(THE INPUT):
>>>>

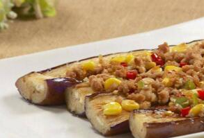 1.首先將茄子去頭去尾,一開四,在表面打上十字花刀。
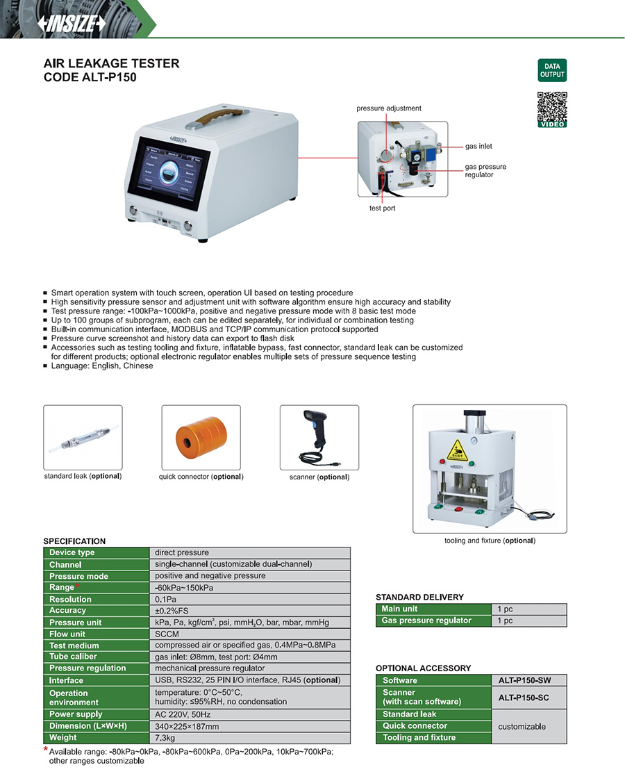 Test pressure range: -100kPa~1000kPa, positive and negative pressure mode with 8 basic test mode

<<<<
>>>>

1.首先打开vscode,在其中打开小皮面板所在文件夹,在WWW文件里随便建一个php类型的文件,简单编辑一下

<<<<
>>>>

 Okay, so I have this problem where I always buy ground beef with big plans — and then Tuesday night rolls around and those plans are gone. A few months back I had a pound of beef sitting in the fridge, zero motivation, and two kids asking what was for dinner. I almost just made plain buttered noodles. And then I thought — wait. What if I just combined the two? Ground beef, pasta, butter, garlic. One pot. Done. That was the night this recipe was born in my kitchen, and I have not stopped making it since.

<<<<

(WORK ORDER):
Above, find the line holding "1.首先將茄子去頭去尾,一開四,在表面打上十字花刀。" and the line holding "Test pressure range: -100kPa~1000kPa, positive". Print exactly those two lines and every line between them, but no pictures.

(RESULT OF THIS TASK):
 1.首先將茄子去頭去尾,一開四,在表面打上十字花刀。
 Test pressure range: -100kPa~1000kPa, positive and negative pressure mode with 8 basic test mode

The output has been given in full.